In der Absicht, den Graben zwischen einem Mittelalter, das oft zu stark als von Ritualen und Symbolen geprägt betrachtet wird, und einer Neuzeit, die von einem plötzlichen Aufkommen der Realpolitik nach 1648 gekennzeichnet gewesen sein soll, zu überwinden, wird es unser Bestreben sein, den Fokus auf Kontinuitäten zu legen, zumal diese aufgrund eines immer noch stark teleologischen Ansatzes der politischen Geschichte oftmals verkannt werden, ohne dabei jedoch Brüche und Diskontinuitäten außenvorzulassen.

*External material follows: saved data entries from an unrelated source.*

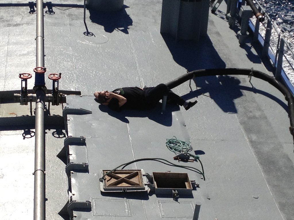 12:00 Vaknar och som igår så går jag ut i solskenet på däck och dricker lite kaffe.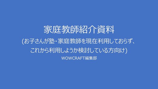 高校受験 見 14,15歳 一方 小学1年生 月当 10,000円以上 支出 ※3-18歳 子 持 母親16,170名 対 調査 課題 対 :50%以上 人 10歳 通 ! 月 支出額 比 今 子 支出額 低 場合 家 教 通 ! 31.7% 8歳 38.4% 40.8% 3歳 7歳 52.1% 4歳 56.8% 6歳 5歳 9歳 10歳 11歳 12歳 13歳 14歳 15歳 16歳 17歳 18歳 10.9% 15.0% 24.1% 42.4% 49.6% 54.9% 52.6% 54.4% 62.1% 34.6% 35.9% 小学校入学 中学校入学 高校入学 source: 学校外教育活動 関 調査2017 教育総合研究所(2017) 社作成 ※3-18歳 子 持 母親16,170名 対 調査 子 定期的 通 教室 答 人 割合 4歳 11歳 右 上 割合 増加 小学校 入学 学校 授業 通 人 多 高校受験 通 人 多 想定 ※ 教室 受験 強 英会話 英語教室 週次 補習 教材教室 学校 補修教室 算数 数学教室 能力開発 児教室 国語 作文教室 定義 0 5,000 10,000 15,000 20,000 25,000 30,000 9歳 6歳 8歳 3歳 4歳 5歳 7歳 10歳11歳12歳13歳14歳 16歳 15歳 17歳18歳 ※学校外教育活動 教室 学習活動 他 術活動 活動 活動 含 小学校入学 中学校入学 高校入学 平 : 6,500円 小学生平 : 15,300円 中学生平 : 22,200円 高校生平 : 16,000円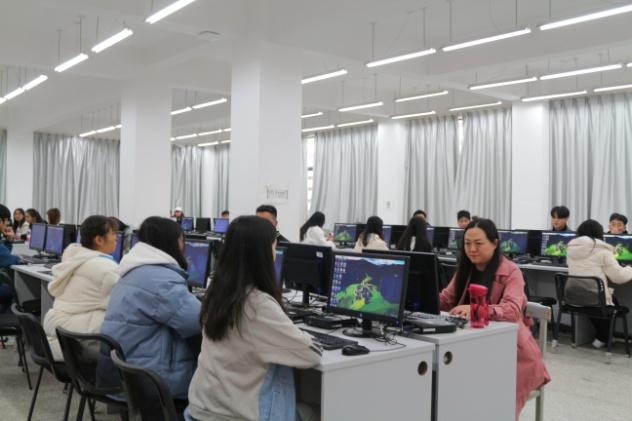 紧接着,竞赛正式开始,参赛选手们或凝神细思,或急敲键盘,他们心无旁骛,在电脑上争分夺秒却又有条不紊。在场的老师们密切关注选手们竞赛情况,耐心帮他们解决竞赛过程中遇到的问题。在选手们不断跳跃的键盘声中,竞赛慢慢临近尾声。选手们作答完毕后,现场负责老师逐一认真检查提交成果,确保提交成功,方能离开考场。待所有选手提交成果后,评委老师们将严格按照评分标准,遵循公平公正原则,对各成果进行打分。

Trotz des begrenzten Untersuchungszeitraums könnten durch einen solchen epochenübergreifenden Ansatz verschiedene Erscheinungs- und Nutzungsformen des Konzeptes der „Natürlichkeit“ und die jeweiligen zugrundeliegenden Mechanismen offengelegt und analysiert werden. Sie im Einzelnen zu identifizieren, ist aber allenfalls im Rahmen einer vergleichenden und interdisziplinär angelegten Auseinandersetzung möglich, die in Bezug auf derartige Fragen bis zum jetzigen Zeitpunkt indes noch nicht versucht wurde.

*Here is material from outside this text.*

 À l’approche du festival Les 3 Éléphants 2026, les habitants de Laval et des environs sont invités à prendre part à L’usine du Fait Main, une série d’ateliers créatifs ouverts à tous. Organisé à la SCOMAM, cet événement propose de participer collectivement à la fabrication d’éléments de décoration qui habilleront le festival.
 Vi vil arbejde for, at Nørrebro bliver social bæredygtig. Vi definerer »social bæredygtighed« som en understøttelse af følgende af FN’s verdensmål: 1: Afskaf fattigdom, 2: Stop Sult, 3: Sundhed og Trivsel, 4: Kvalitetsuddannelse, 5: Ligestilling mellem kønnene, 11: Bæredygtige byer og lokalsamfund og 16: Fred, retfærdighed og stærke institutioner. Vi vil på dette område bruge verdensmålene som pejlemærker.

Ziel dieser beiden Studientage (Universität Luxemburg, 28.-29. November 2019; Österreichische Akademie der Wissenschaften, Wien, 2.-3. April 2020) ist es daher, sich dem Konzept der „Natürlichkeit“ aus einer diachronen (1300-1800), interdisziplinären und vergleichenden Perspektive auf der Ebene der europäischen dynastischen Staaten zu nähern, um so ein differenziertes und zugleich möglichst flächendeckendes Bild zeichnen zu können. Im Mittelpunkt der Analyse stehen sowohl das Funktionieren der Macht auf den verschiedenen Ebenen (Gerichte, Kanzleien, Städte, repräsentative Versammlungen usw.), alternative Experimente, insbesondere im religiösen Bereich (Papsttum, Religionsgemeinschaften, Räte), als auch Diskurse, die eine Weltsicht und ein Machtkonzept vermitteln (Religionsverträge, Politik, höfliche Literatur), um einen differenzierten Überblick über die Nutzung von „Naturalichkeit“ zu geben.
Beide Studientage sind gleichermaßen als eine Fortsetzung des Projekts FNR/CORE (Luxembourg) LUXDYNAST, Europe and the House of Luxembourg. Governance, Delegation and Participation between Region and Empire (1308-1437) (2015-2018) über die Herrschaftsbildung der Luxemburger zwischen 1308 und 1437 in einer Vielzahl von unterschiedlich strukturierten Territorien sein, welche aufseiten der Herrschenden ein geschicktes Gleichgewicht zwischen globalem Denken und lokalem Handeln und der Umsetzung angepasster Strategien erfordern, sowie des Projekts GREMIA. Grey Eminences in Action: Personal Structures of Informal Decision-Making at Late Medieval Courts (2019-2022), in dessen Rahmen Funktionsweisen informeller Machtausübung im spätmittelalterlichen Europa und deren Verhältnis zu Ideologien untersucht werden.